Il y a aussi toutes ces maladies qui peuvent survenir chez les musiciens et qui nécessitent des opérations très méticuleuses. La maladie de Dupuytren par exemple : un type de fibrose qui se développe dans la main. On l’appelle aussi la maladie de Viking, car elle est génétique surtout dans les pays nordiques.

J’ai opéré un contrebassiste de Guéret : il faut faire très attention car on risque de s’abîmer un nerf en opérant. Nous avons également opéré en cas de rhizarthrose – la maladie des tricoteuses – d’arthrose entre le trapèze et le premier métacarpien. Un violoniste, s’il est opéré au doigt, a besoin d’une précision de 1 à 2 mm.
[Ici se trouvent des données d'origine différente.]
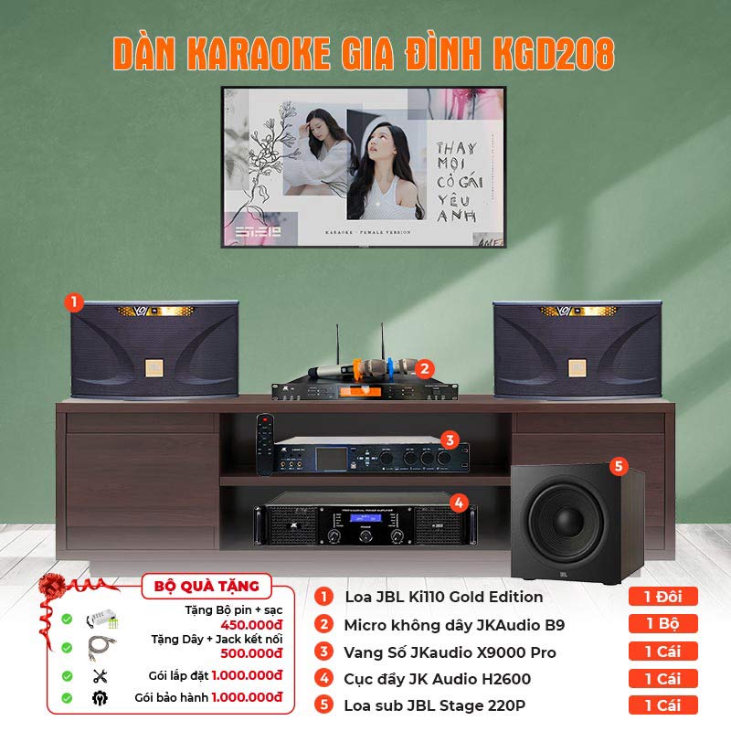 Đánh giá Dàn karaoke gia đình KGD208 (JBL Ki110 Edition, JKAudio H2600, X9000 Pro, B9, JBL Stage 220P)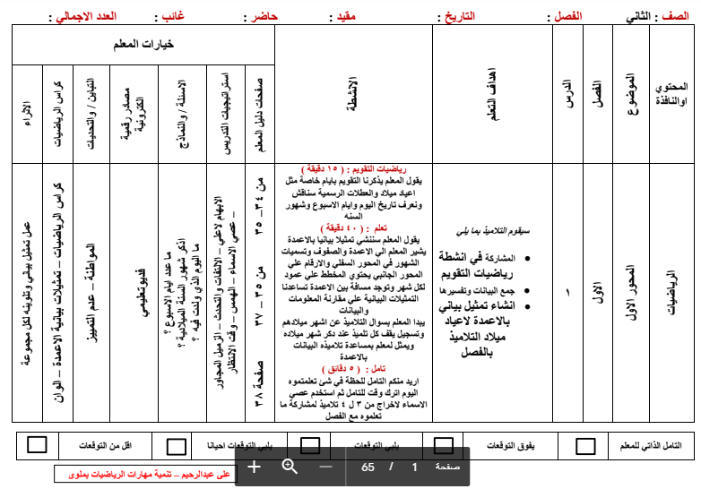 تحضير مادة الرياضيات للصف الثاني الابتدائي الفصل الثاني ف2 بصيغة pdf عرض مباشر بدون تحميل على موقع كتبي اونلاين نموذج من التحضير.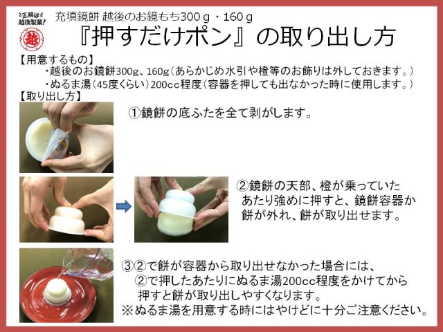 大変申し訳ございませんでした。お手数ですが、容器の天部からぬるま湯をコップ一杯分をお掛け下さい。容器から餅がはがれます。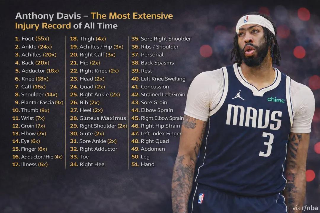 浓眉加盟独行侠之后,仅出战29场比赛,球队战绩16胜13负;他缺席了44场比赛,这期间球队12胜32负。下面这张图是浓眉生涯伤病汇总,总计51类伤情:足部伤势反复了55次;脚踝伤势反复24次;跟腱和背部伤势反复了20次……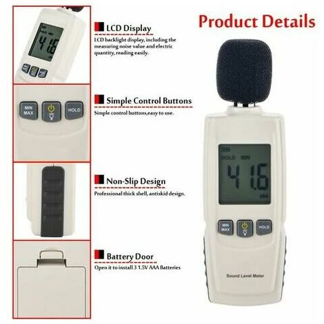 2.Gamme de mesurer du Sonomètre Numérique: 30~130dBA; Précision: +/- 1,5 dB; Résolution: 0,1 db; Enregistrements Max / valeurs Min tous le temps.
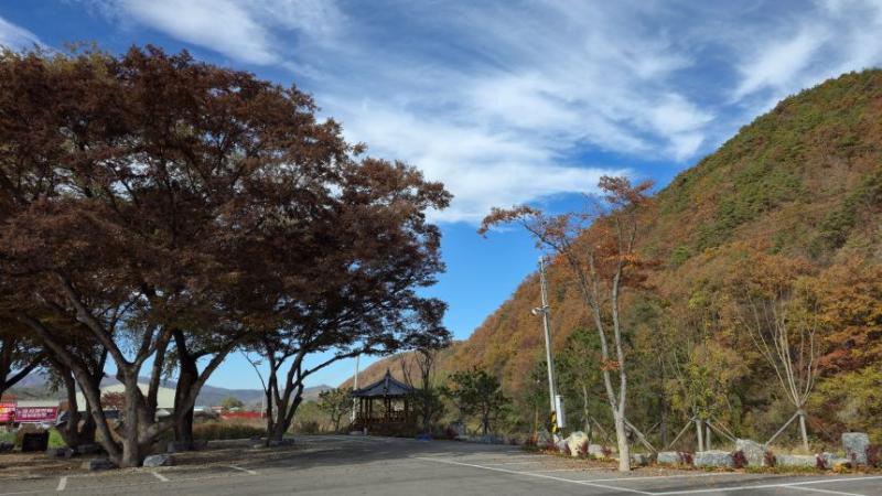 주왕산송어 식당 뒤 주차장과 200년 된 유네스코 보호수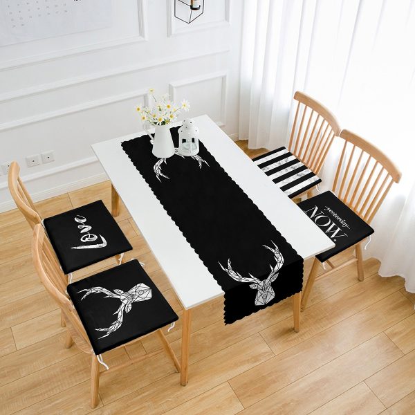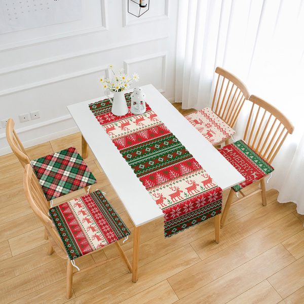 Ekose Geyik Yılbaşı Motifli 4 Fermuarlı Sandalye Minderi ve 1 Runner Seti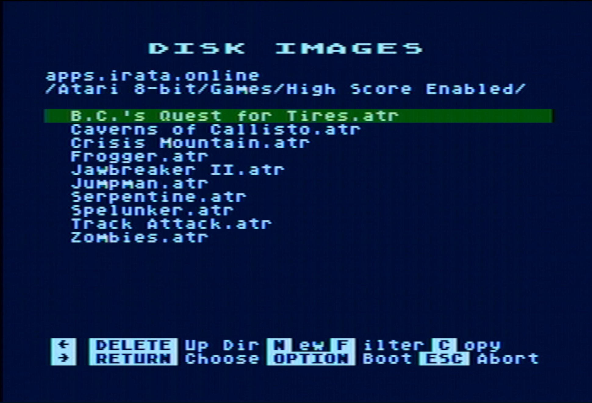 (3) go to /Atari 8-bit/Games/High Score Enabled/ and select Jumpman.atr as READ ONLY.

« Douleur soudaine à la main : je ne pouvais plus jouer »

« C’était comme un choc électrique. Douleur soudaine à la main : je ne pouvais plus bouger ma bague. Guitariste depuis trente ans, Nicolas Houari s’est retrouvé secoué de la nuit. Impossible de jouer avec cette douleur. C’est son kinésithérapeute de Guéret, Serge Ducleroir, qui lui conseille d’aller voir le docteur Gougam, qui vient d’arriver à la clinique des Marches.
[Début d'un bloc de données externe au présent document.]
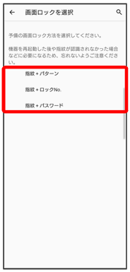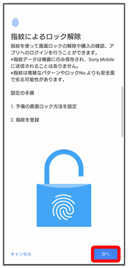 - 指紋認証が5回連続して認識されなかった場合は、指紋認証ができなくなります。しばらくしてから再度指紋認証を行うか、画面を上にフリックして設定した画面ロック解除方法を入力してください。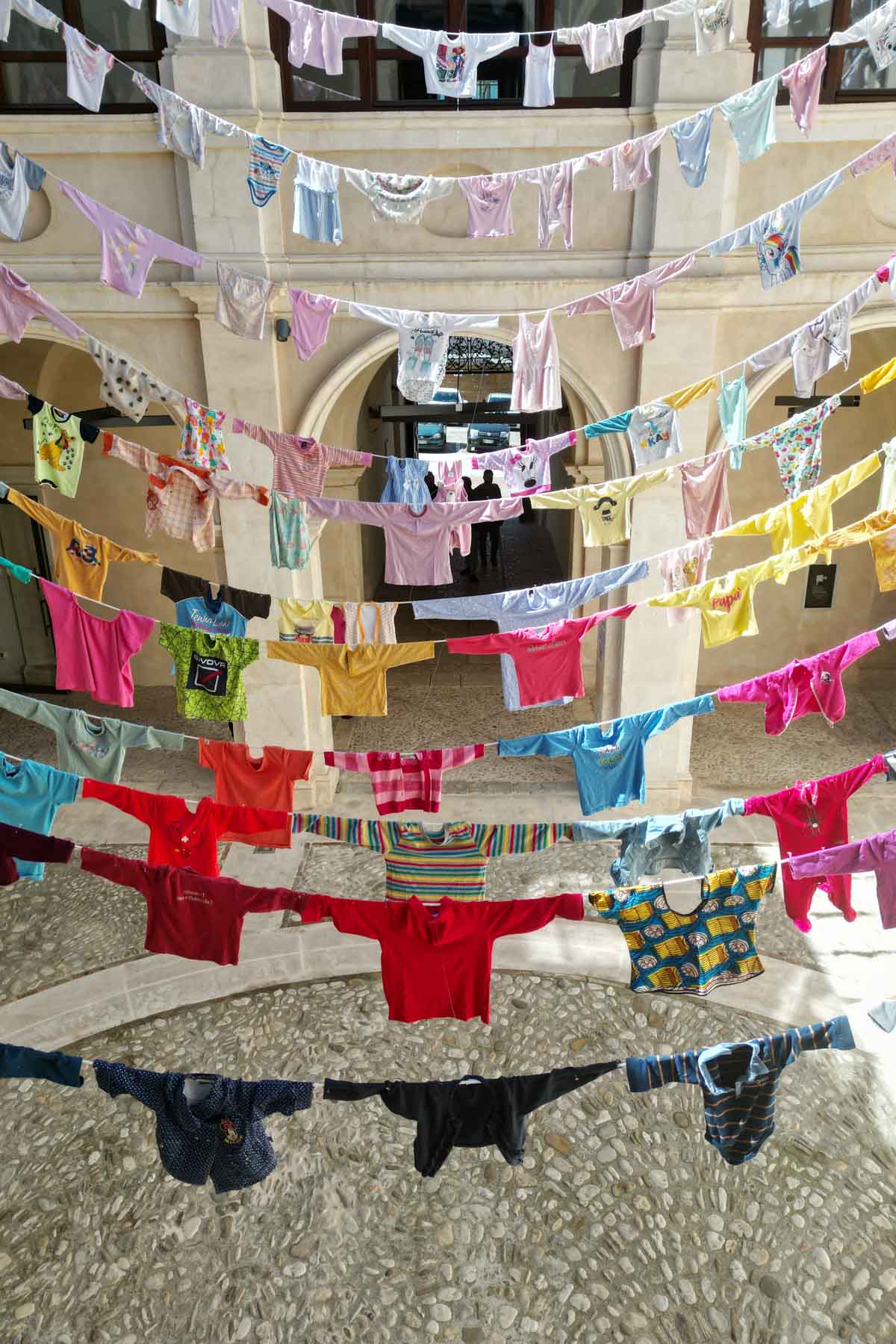 Il percorso nel dettaglio prevede opere composte da fibre, tessuti e abiti presenti ovunque, a cominciare dallo spazio della corte dove l’installazione Towards Tomorrow dell’artista finlandese Kaarina Kaikkonen, si fa quasi biglietto da visita dell’intera esposizione. L’opera, composta da abiti di bambino donati dalla comunità aquilana e allestita con l’aiuto di alcuni volontari, è una vera propria metafora di come passato e presente possono dialogare nel dare origine qualcosa di nuovo, attraverso il senso di innocenza e fanciullezza dei più piccoli.
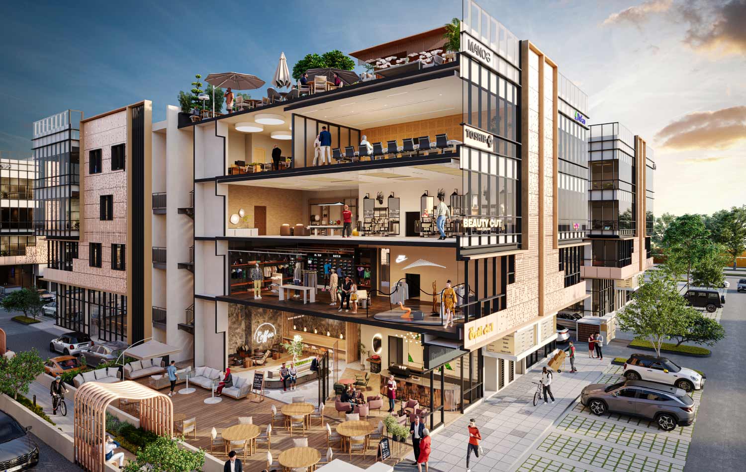 Conceived as a vibrant work-life village, Cube+ places connection at the heart of commerce. Our human-scaled architectural design features walkable corridors and curated storefronts, complemented by 66’ wide roads that provide ample parking and ease of access. This freehold development offers unique features like accessible rooftop spaces and private terraces—versatile areas that can accommodate 4 car parks or be utilized as ideal outdoor dining spaces.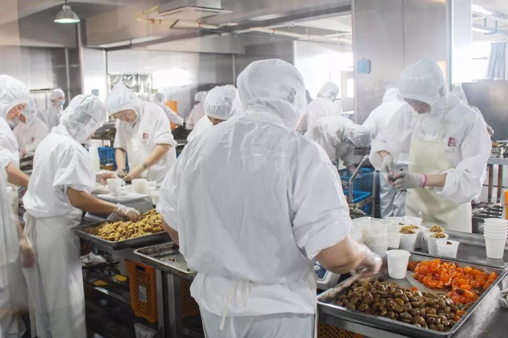 發布會開幕之前,由工作人員帶領合作商、品鑒者及媒體朋友從專門的觀光通道參觀工廠及透明GMP粽子車間,完全公開透明的向大家展示了荃盛粽子的生產過程。在參觀過程中,蒸鮮龍舟粽的手工制作環節格外引人注目,不少人對此提出疑問,去人工化的大趨勢下,為什么荃盛要加入手工制作,而不將生產線全部智能化呢?荃盛工作人員表示,蒸鮮龍舟粽是今年的主打產品,為了與其他品類粽子有明顯的差異,在改進原材料、制作工藝的基礎上,特意加入手工制作環節,使粽子更有“人情味”,保留傳統節日的氛圍與文化。

« Lorsque je suis arrivé pour la première fois, il m’a expliqué qu’il était lui-même musicien. Très à l’écoute. Puis il m’a demandé de revenir avec mon instrument et a immédiatement détecté une mauvaise posture. Sur ses conseils, je suis allé consulter un kinésithérapeute à Paris, à la clinique des musiciens, Isabelle Campion. Des musiciens viennent du monde entier pour le voir ! Je ne l’ai vu que deux fois. Elle m’a dit : « Si tu fais ce que je te dis, remonte dans le train et rejoue !  » « .

Qu’il a fait. « J’ai pris mon mal en patience et j’ai réappris à jouer : il fallait juste que je change de posture. Avant, je jouais toujours l’épaule baissée, je ne me tenais pas droit. Aujourd’hui, je ne joue plus debout et toujours dans le position de guitariste classique. De tout cela, j’ai aussi fait un album et un spectacle.  » Un simple changement de posture a permis à ce musicien de pouvoir à nouveau jouer de la guitare sans douleur.

« C’est une grande victoire », sourit le Dr Gougam. Ici, c’était juste un problème de posture de tout le membre supérieur. Il a compensé, compensé jusqu’à ce que le couperet tombe et qu’il ne puisse plus jouer. Mon rôle était uniquement de faire le bon diagnostic et de le diriger vers la personne compétente. « Seul ? Le guitariste de la Creuse ne résume pas ainsi le rôle joué par le médecin dans sa convalescence : « La façon dont on est pris en charge est primordiale. Dès votre arrivée, nous vous écoutons, même si vous n’êtes qu’un musicien amateur. Nous faisons un diagnostic et surtout nous cherchons des solutions ».